Zhou Y, Qin J, Zhong P
School of Mechanical and Aerospace Engineering, Nanyang Technological University, Singapore


Abstract

This study investigated the characteristics of the secondary bubble cluster produced by an electrohydraulic lithotripter using high-speed imaging and passive cavitation detection techniques. The results showed that (i) the discrepancy of the collapse time between near a flat rigid boundary and in a free field of the secondary bubble cluster was not as significant as that by the primary one; (ii) the secondary bubble clusters were small but in a high bubble density and nonuniform in distribution, and they did not expand and aggregate significantly near a rigid boundary; and (iii) the corresponding bubble collapse was weaker with few microjet formation and bubble rebound.
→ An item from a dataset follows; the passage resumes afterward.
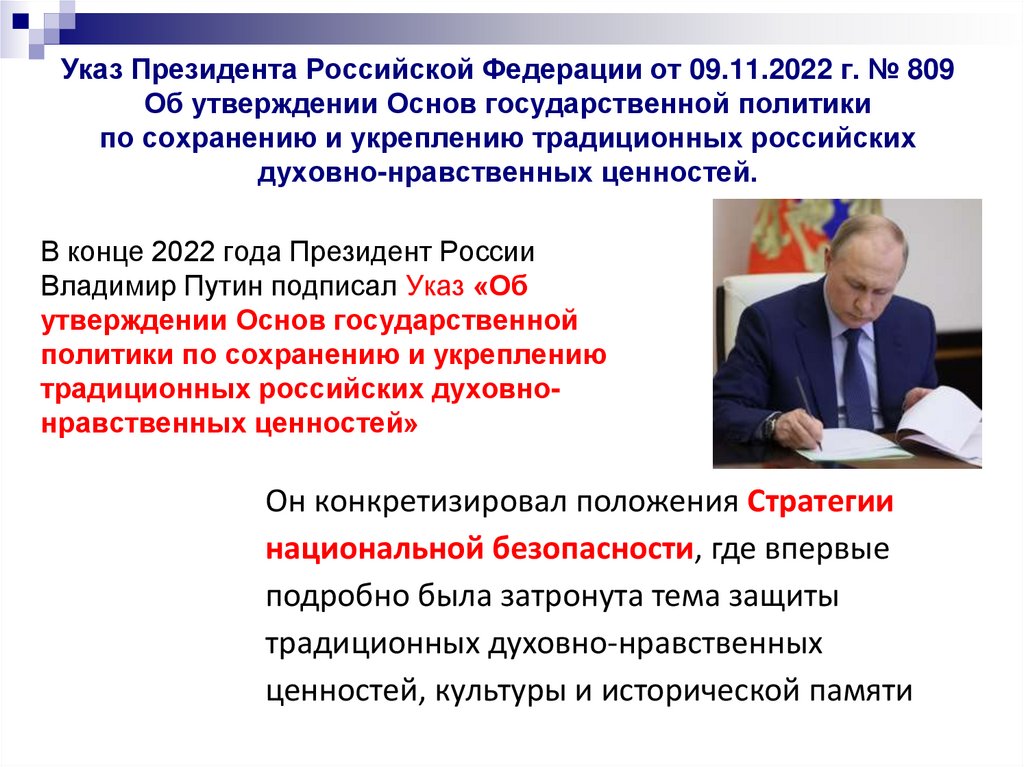 Указ Президента Российской Федерации от 09.11.2022 г. № 809Об утверждении Основ государственной политики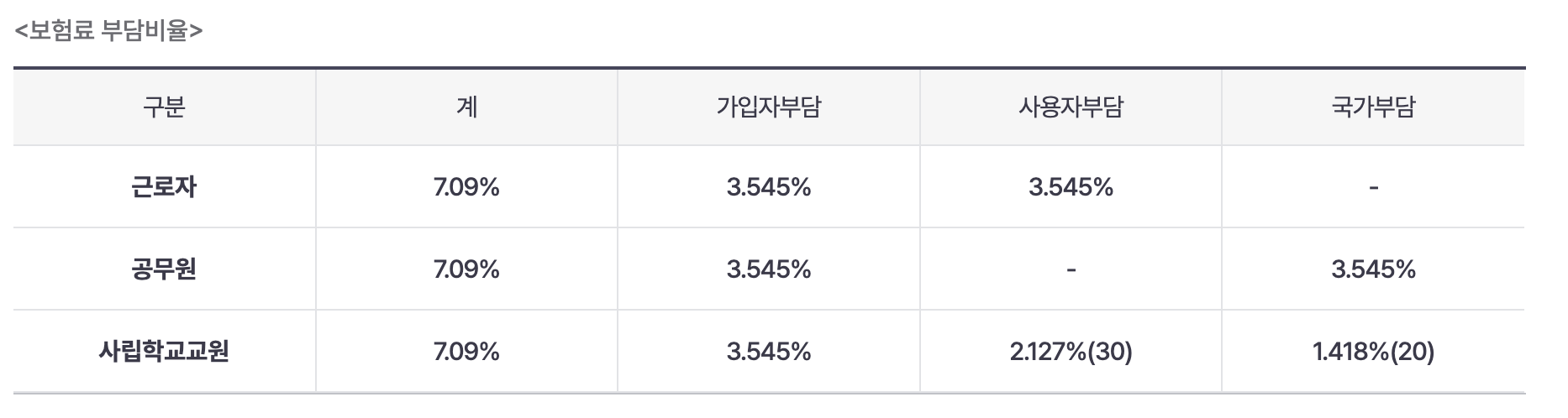 참고로, 2025년 근로자, 공무원, 사립학교교원으로 구분하여 보험료 부담을 보여주는 표입니다. 가입자부담은 동일하지만 사용자부담과 국가부담이 달라지는 것을 확인할 수 있지요.

By applying a strong suction flow near the electrode tip, the production of the secondary shock wave (SW) and induced bubble cluster could be disturbed significantly, but without influence on the primary ones. Consequently, stone fragmentation efficiency was reduced from 41.2 ± 7.1% to 32.2 ± 3.5% after 250 shocks (p < 0.05). Altogether, these observations suggest that the secondary bubble cluster produced by an electrohydraulic lithotripter may contribute to its ability for effective stone fragmentation.

Copyright © 2012 World Federation for Ultrasound in Medicine & Biology. Published by Elsevier Inc. All rights reserved.
Ultrasound Med Biol. 2012 Apr;38(4):601-10. doi: 10.1016/j.ultrasmedbio.2011.12.022
PMID: 22390990 [PubMed - in process]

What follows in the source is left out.